— Эй, ты, в соломенной шляпе, топай сюда, поможешь.
— Пошел к черту, — огрызнулся Брок.
— Что-о? Да кто ты такой, щенок? Как тебя зовут и кто тебе позволил разговаривать в таком тоне?
— Зовут меня, хоть это и не твое дело, Брок Колдуэлл, Форт-Пенн, Пенсильвания, а щенок — это ты, а не я. Стыкнемся?
Они бросились друг на друга, и хотя фактически бой, победителем в котором явно вышел Сидни, продолжался меньше десяти минут, еще два года, проведенные в Лоренсвилле, Брок всячески избегал встреч с противником. Сидни, чемпион школы в одиночном разряде по теннису, капитан бейсбольной команды, староста класса, присоединился к общему мнению учеников, решивших, что Колдуэлл — малый никудышный. Окончив школу в Лоренсвилле, Сидни поступил в Йель, а Брок — в Принстон, и вновь они встретились только на Рождество 1900 года.

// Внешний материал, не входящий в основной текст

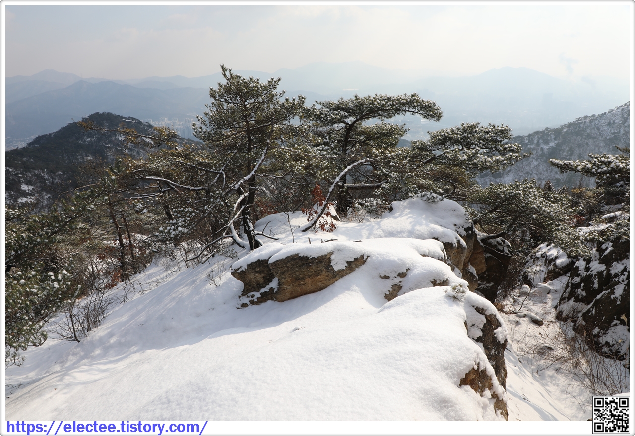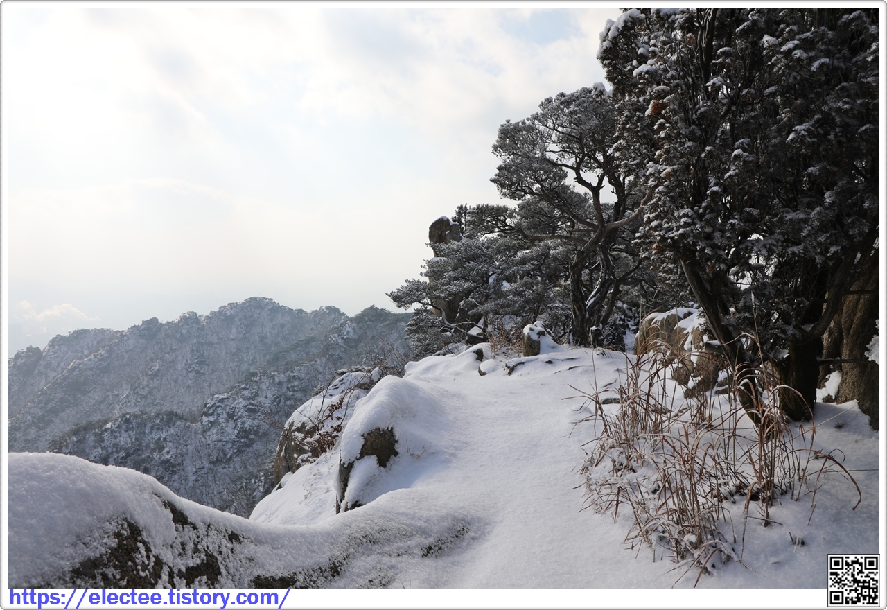 나무가 없이 맨땅이 드러난 곳은 이렇게 멋진 설경을 보여준다.
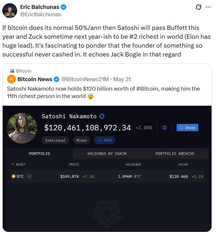 اریک بالکوناس (Eric Balchunas) – تحلیلگر شرکت بلومبرگ (Bloomberg) – در تاریخ ۲ ژوئن پستی در شبکه X منتشر و پیشبینی کرد که ساتوشی ناکاموتو تا پایان سال ۲۰۲۶ میتواند دستکم دومین میلیاردر ثروتمند جهان شود. او گفت که اگر بیت کوین طبق روند معمول خود سالانه ۵۰٪ رشد کند، احتمالاً ناکاموتو در حدود سال آینده به رتبه دوم میرسد. او افزود:

Летом того года, когда университетский курс остался позади, у Сидни было много разговоров с отцом. Последний звучал так:
— Ну что, папа, я все обдумал.
— Ты имеешь в виду планы на будущее?
— Да, сэр.
— Ну и?..
— Прежде всего позволь сказать, что я сделал то, что ты мне велел в прошлый раз. То есть постарался, чтобы все было справедливо по отношению к тебе, к маме и к самому себе.
— Внимательно слушаю тебя. Смотрю, ты приготовил предвыборную речь, или как там сказать. Продолжай, я весь внимание.
Оба рассмеялись.
— Без ложной скромности на первое место я ставлю справедливость по отношению к самому себе. Потому что, как ты сказал, или по крайней мере имел в виду, можно ли быть справедливым по отношению к маме и тебе, не будучи честно справедливым по отношению к себе?
— Положим, сказал я, мой мальчик, не совсем так. Я никогда не употреблял выражения «честная справедливость». Справедливость и так предполагает честность. Но продолжай.
— Ты прав. Как всегда. Но понимаешь ли… э-э… не люблю я бизнес, не заточен я под него. И поэтому мое честное, хорошо взвешенное мнение заключается в том, что честно, то есть справедливо, работать в бизнесе я не могу. Я следовал твоему совету. Оглядывался, присматривался, думал, чем бы хотел заняться, в Нью-Хейвене для этого было немало возможностей. Конечно, в этой стране церковная кафедра, закон, политика, армия — все это не считается профессией для джентльмена. Кому, в самом деле, придет в голову делать армейскую карьеру, если только человек не рожден для нее?
— А ты не рожден.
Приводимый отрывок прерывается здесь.